Wednesday 12 May 2010

Irving Penn at the National Portrait Gallery


Yesterday I finally went to see the Irving Penn exhibition at the National Portrait and boy was it worth the wait! Penn's portraits are absolutely stunning and he has always been a great inspiration to me. With each portrait one could easily tell who the sitter was and learn a little about what they did. Penn manages to get such honesty from the sitter and I felt such an intimacy with the person which I feel many other portrait photographers fail to achieve. I had such a fantastic time and really did not want to leave and definitely bought the catalogue!

However, the catalogue was a little disappointing compared to how great the exhibition was. It didn't contain the whole exhibition and some of my favourite images weren't included. Although Irving Penn's other books are definitely a lot more successful in my opinion, this one was still worth buying just as a momentum of the exhibition as unfortunately there were no postcards of it for a sale, which I was a little annoyed about as I like to collect a few postcards of my favourite images from any exhibitions I go to. The exhibition is only on for another few weeks and so I encourage anyone and everyone who gets a chance to go see it!




I also visited the Tate Modern as I hadn't been there for a while and always love the variety of exhibitions they have on as well as their permanent exhibition, which is always worth going back to! There wasn't anything in particular I went to see but two exhibitions were really enjoyable.

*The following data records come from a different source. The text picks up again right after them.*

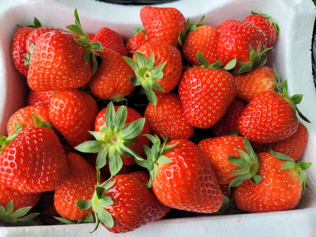 바로 옆 하우스에서 딴 싱싱한 딸기 2팩 사고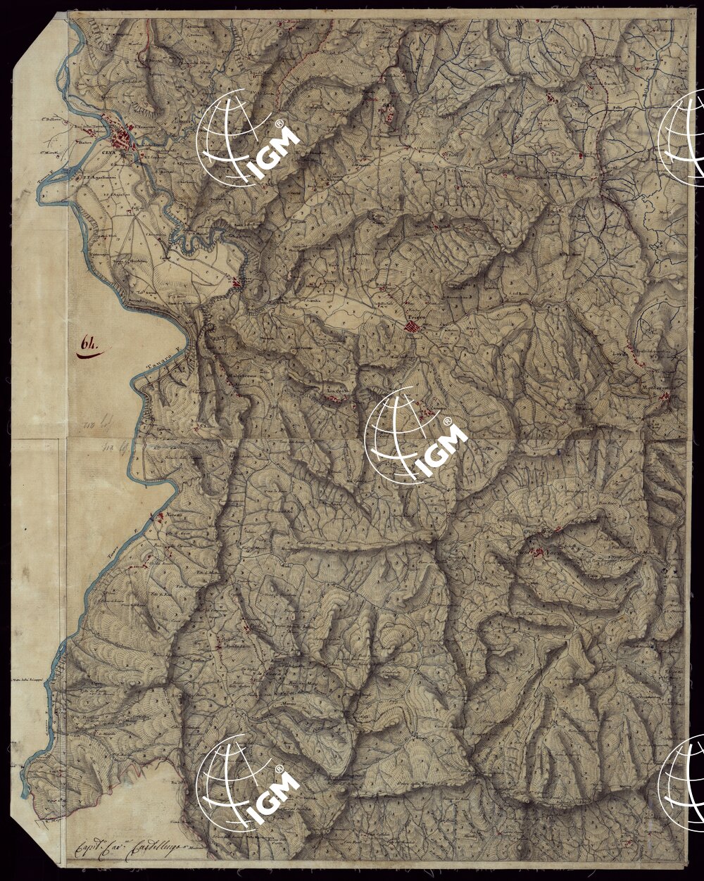 Gruppo di 142 minute di campagna, e un quadro d’unione, in fogli irregolari, alcuni con degli spezzoni allegati, montati su tela. L’orografia vi è rappresentata variamente talvolta con curve dimostrative e tratteggio, oppure con sfumo a luce obliqua e tratteggio o con sfumo e curve dimostrative. Gli abitati sono colorati in rosso; le acque in azzurro.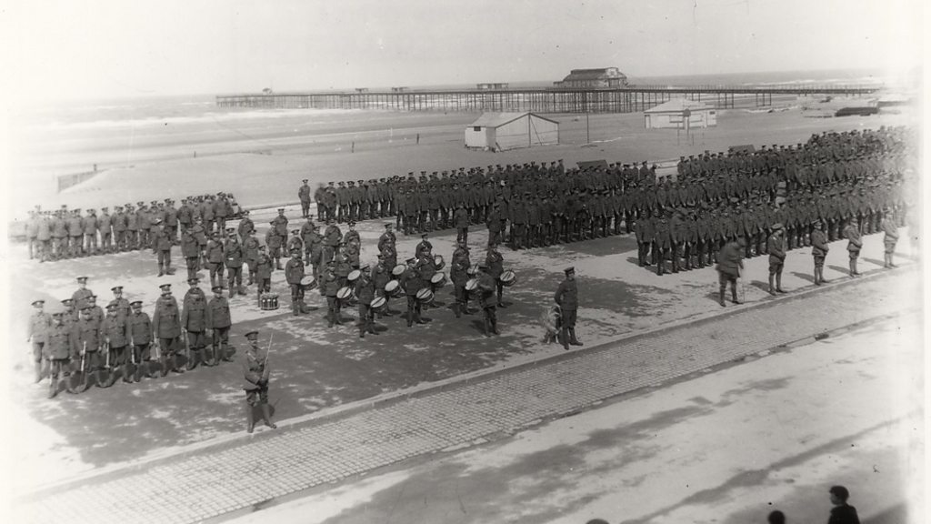 At the beginning of World War One, Irving Henry Jones was 16 years old, he quickly signed up under the pretence of being 21. Leaving behind the mines of Bedwas, South Wales, Irving headed off for military training which began on Salisbury Plain and then swiftly continued in Rhyl, North Wales. Dressed in his buttoned boots and boater on his head, Irving went on parade in Rhyl while waiting for a uniform. He was in his element, particularly when it came to physical training and thrived on activities such as boxing and racing. The men’s training was varied as it wasn’t yet established which division they’d eventually be part of. From gas attacks to marksman training and signalling, a great deal was covered. Rifle drill began with wooden sticks, later switched for dummy rifles before acquiring “the real thing”. While training, Irving’s regiment was subject to a check from “experts” seeking out underage soldiers. Irving explains that despite his young age he was shaving twice a day, so he jutted out his jaw and managed to pull the wool over the inspectors eyes because.. “I wanted to go!”. Irving explains that the majority of the Welch Regiment were miners, which he felt characterised them in a rather unique way. When their promised leave to visit home didn’t happen, the men decided to meet to discuss the matter “just like a meeting on top of the pit”. A decision was made to strike. While on parade on Rhyl sea front, the bugle went for the men to ‘fall in’, but nobody moved! After explaining themselves, the miners’ strike produced the desired result and the soldiers in training were granted their leave home from Rhyl. Irving has fond memories of his training in Rhyl as well as for the local community there. Billeted to No.6 Gronant Street, Irving recalls that he was taken in “like a son”. After specialising as a signaller, it was time to leave for France. The affectionate send off from the community along with gifts and best wishes were a highlight that Irving recalls. It wasn't until September 1915 that Irving boarded a ship to travel to the France, sailing at night in an attempt to avoid being spotted by German submarines. Overcome with seasickness Irving remembers “I wanted to die before I got there”. Location: Rhyl Promenade, LL18 3AY. Image: Royal Welch Fusiliers on the promenade at Rhyl, c.1915. Courtesy of Flintshire Archives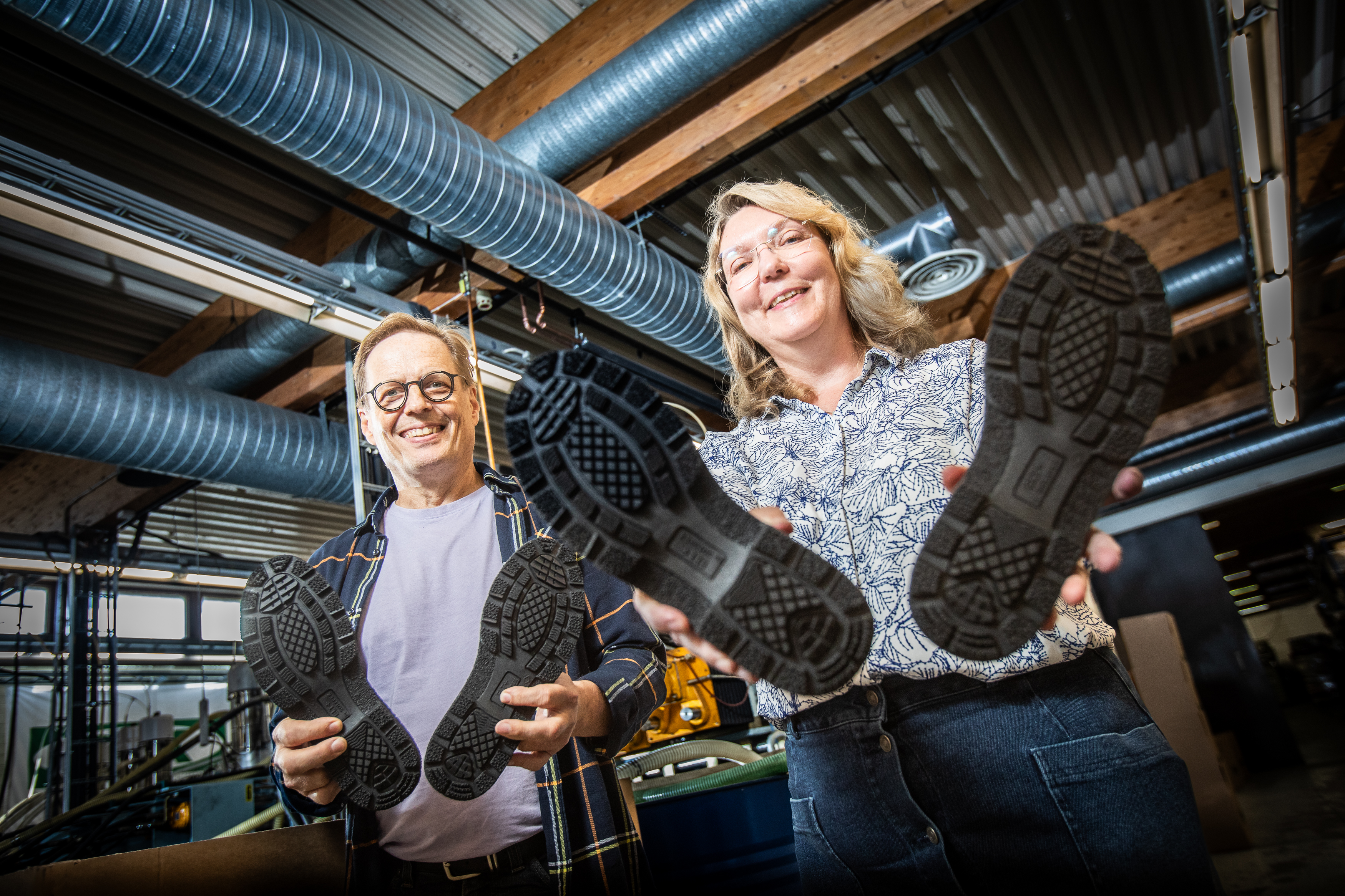 Alkuvaiheessa Lenkki Oy valmistaa uusioraaka-aineen avulla kävely- ja ulkoilukenkien pohjia. Mäkilouko myöntää, että aluksi mietitytti, miten uusioraaka-aine istuu vakiintuneisiin tuotantotapoihin.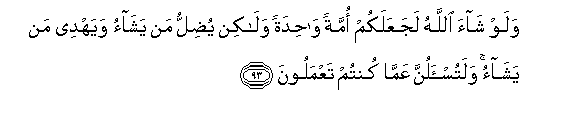 93. Walaw shaa Allahu lajaAAalakum ommatan wahidatan walakin yudillu man yashao wayahdee man yashao walatus-alunna AAamma kuntum taAAmaloona

The first was "Van Doesburg and the International Avant-Garde - Constructing a New World" which I knew nothing of and suprised me at how much I liked it! It was a unique and exciting chance for van Doesburg's work to be seen for the first time in the UK and his follows in the footsteps of a series of exhibitions looking at different aspects of Modernism, conceived by Vicente Todolí, Director of Tate Modern.
"Van Doesburg, who worked in disciplines within art, design and text, founded the far-reaching movement and magazine De Stijl. This artistic movement of painters, architects and designers sought to build a new society in the aftermath of World War I, advocating an international style of art and design based on a strict geometry of horizontals and verticals.
Van Doesburg travelled extensively in Europe in the 1920s making connections and collaborating with avant-garde contemporaries of the time. This exhibition explores Doesburg's role as promoter of Dutch Neoplasticism, his Dada personality, his efforts to influence the Bauhaus, his links with international Constructivists, and his creation of the group Art Concret. Including over 350 works (many unseen in the UK before) by key artists as Jean Arp, Constantin Brancusi, László Moholy-Nagy, Piet Mondrian, Francis Picabia, Gerrit Rietveld, Kurt Schwitters and Sophie Taeuber, the exhibition features van Doesburg's rarely-seen Counter-Composition paintings and designs for the Café Aubette in Strasbourg, furniture such as Rietveld's iconic Red-Blue chair, as well as typography, magazines, stained glass, film, music, sculpture and more."
The exhibition was colourful, experimental and exciting and I ended up buying the catalogue as I wanted to learn more about this 'Avant-Garde' art movement that I knew nothing of. Although I was not familiar with his work I had seen some exhibitions from others also showcased like Piet Mondrian and Francias Picabia, but otherwise was clueless about the movement and the other artists. Again this was an exhibition worth seeing, full of sculptures, films, paintings and a whole mix of different art media. I throughly enjoyed it and recommend it to others but hurry it ends on the 16th May!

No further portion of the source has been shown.